TASK DESCRIPTION:
Without including any picture, repeat the records below exactly.
== DATA PROVIDED ==
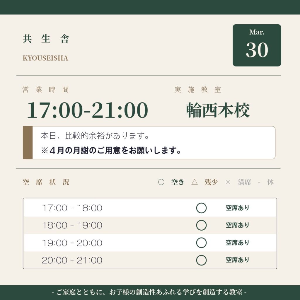 20260330 営業予定 投稿者: murokyousei2026年3月30日News、お知らせ、営業情報 2026.3.30(月) 本日の営業予定を掲示いたします。 【教室】輪西町2丁目 輪西本校 【時間】17:00~21:00 【諸連絡】・本日、比較的余裕があります。・4月の月謝のご用意をお願い致します。 ・新学期生募集中。 ご見学、ご相談随時承ります! FacebookXBlueskyCopy
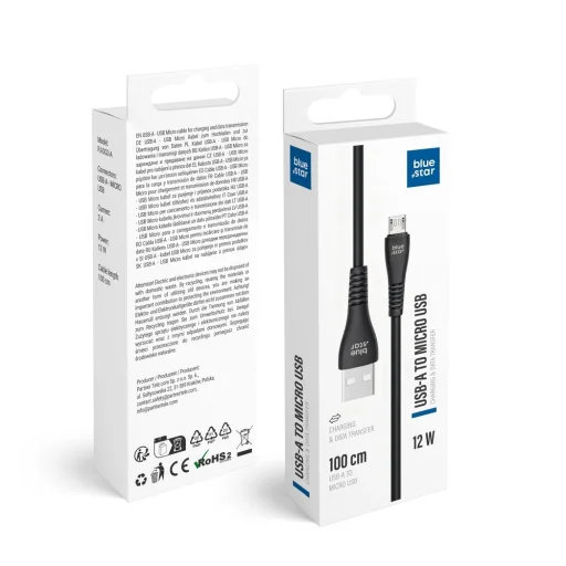 Blue Star Micro USB kábel USB-A-ról Micro USB-re 2A 12W 1 m PJ-DG3-A fekete
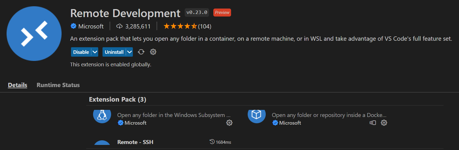 (Remote Development는 WSL, Remote - SSH, Dev Containers 3개의 익스텐션이 포함된 패키지로, 다른 패키지가 필요하지 않은 경우에는 'Remote - SSH' 익스텐션만 설치해도 된다.)
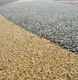 特别注意:胶粘石对石子有特殊要求,一般采用七彩石,利用特殊胶粘剂把石子有机结合在一起,具有透水功能。
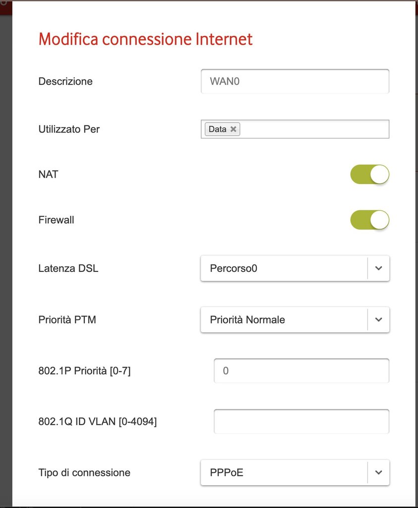 Ciao a tutti, oggi il tecnico è venuto a montarmi la mia connessione Dimensione basata su Eolo e devo dire che è uno spettacolo. Ho provato con un router Vodafone Station vecchio (quello bianco) configurando i parametri PPPoE e va velocissimo, sono veramente soddisfatto e dato che ero "abituato" a una vecchia FTTC vodafone a 20mbps, passare a 200mbps in un giorno per me è un sogno. Nell'attesa che Dimensione mi spedisca il proprio router, ho pensato di usare la Vodafone Power Station (quella nuova) dato che ho sia la vecchia Station bianca (e funziona), sia la power, che è quella nuova nera. Purtroppo però non riesco a far funzionare la Power Station, ho configurato tutti i parametri ma continua a non connettersi. Cosa potrebbe essere? Purtroppo la Vodafone Station vecchia ha qualche porta ethernet rotta e non posso usarla.
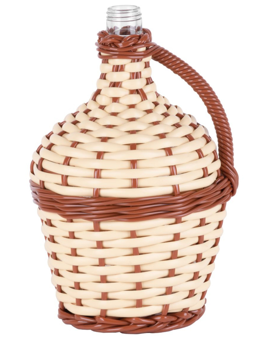 Demižón Strend Pro Cada Wilo, 2 lit. sklenený, na víno a pálenku, opletený, MIX farieb
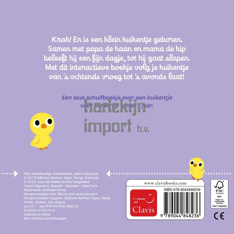 Krak! Er is een klein kuikentje geboren. Samen met papa de haan en mama de kip beleeft hij een fijn dagje, tot hij gaat slapen. Met dit interactieve boekje volg je kuikentje van ’s ochtends vroeg tot ’s avonds laat! Een leuk schuifboekje over een kuikentje voor kinderen vanaf 1 jaar.
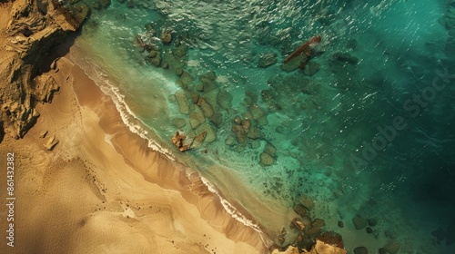 Summer holiday on a deserted beach: top view of the sea, sand and crystal water.
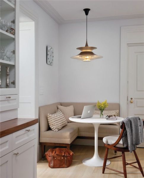 ▲如果用餐區采光較差,餐桌的顏色盡量要以淺色系為宜。轉角椅比較特殊,需要根據尺寸定制。
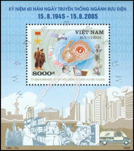 邮政通讯部60周年,徽志、雕塑及通讯设备等小型张
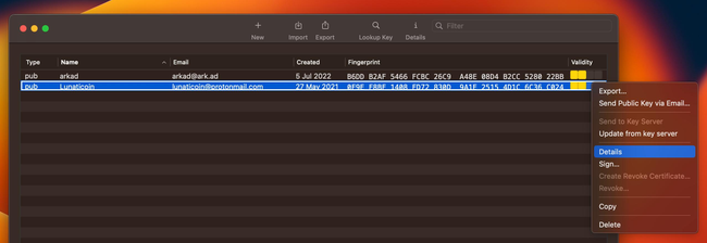 Después de verificar en otros medios que pertenece a Craig Raw, hago click sobre el botón derecho y voy a details > ownertrusted > ultimate. De esta manera marco la clave como confiable (aparece en verde).
===
EXPECTED OUTPUT:
 20260330 営業予定 投稿者: murokyousei2026年3月30日News、お知らせ、営業情報 2026.3.30(月) 本日の営業予定を掲示いたします。 【教室】輪西町2丁目 輪西本校 【時間】17:00~21:00 【諸連絡】・本日、比較的余裕があります。・4月の月謝のご用意をお願い致します。 ・新学期生募集中。 ご見学、ご相談随時承ります! FacebookXBlueskyCopy
 Blue Star Micro USB kábel USB-A-ról Micro USB-re 2A 12W 1 m PJ-DG3-A fekete
 (Remote Development는 WSL, Remote - SSH, Dev Containers 3개의 익스텐션이 포함된 패키지로, 다른 패키지가 필요하지 않은 경우에는 'Remote - SSH' 익스텐션만 설치해도 된다.)
 特别注意:胶粘石对石子有特殊要求,一般采用七彩石,利用特殊胶粘剂把石子有机结合在一起,具有透水功能。
 Ciao a tutti, oggi il tecnico è venuto a montarmi la mia connessione Dimensione basata su Eolo e devo dire che è uno spettacolo. Ho provato con un router Vodafone Station vecchio (quello bianco) configurando i parametri PPPoE e va velocissimo, sono veramente soddisfatto e dato che ero "abituato" a una vecchia FTTC vodafone a 20mbps, passare a 200mbps in un giorno per me è un sogno. Nell'attesa che Dimensione mi spedisca il proprio router, ho pensato di usare la Vodafone Power Station (quella nuova) dato che ho sia la vecchia Station bianca (e funziona), sia la power, che è quella nuova nera. Purtroppo però non riesco a far funzionare la Power Station, ho configurato tutti i parametri ma continua a non connettersi. Cosa potrebbe essere? Purtroppo la Vodafone Station vecchia ha qualche porta ethernet rotta e non posso usarla.
 Demižón Strend Pro Cada Wilo, 2 lit. sklenený, na víno a pálenku, opletený, MIX farieb
 Krak! Er is een klein kuikentje geboren. Samen met papa de haan en mama de kip beleeft hij een fijn dagje, tot hij gaat slapen. Met dit interactieve boekje volg je kuikentje van ’s ochtends vroeg tot ’s avonds laat! Een leuk schuifboekje over een kuikentje voor kinderen vanaf 1 jaar.
 Summer holiday on a deserted beach: top view of the sea, sand and crystal water.
 ▲如果用餐區采光較差,餐桌的顏色盡量要以淺色系為宜。轉角椅比較特殊,需要根據尺寸定制。
 邮政通讯部60周年,徽志、雕塑及通讯设备等小型张
 Después de verificar en otros medios que pertenece a Craig Raw, hago click sobre el botón derecho y voy a details > ownertrusted > ultimate. De esta manera marco la clave como confiable (aparece en verde).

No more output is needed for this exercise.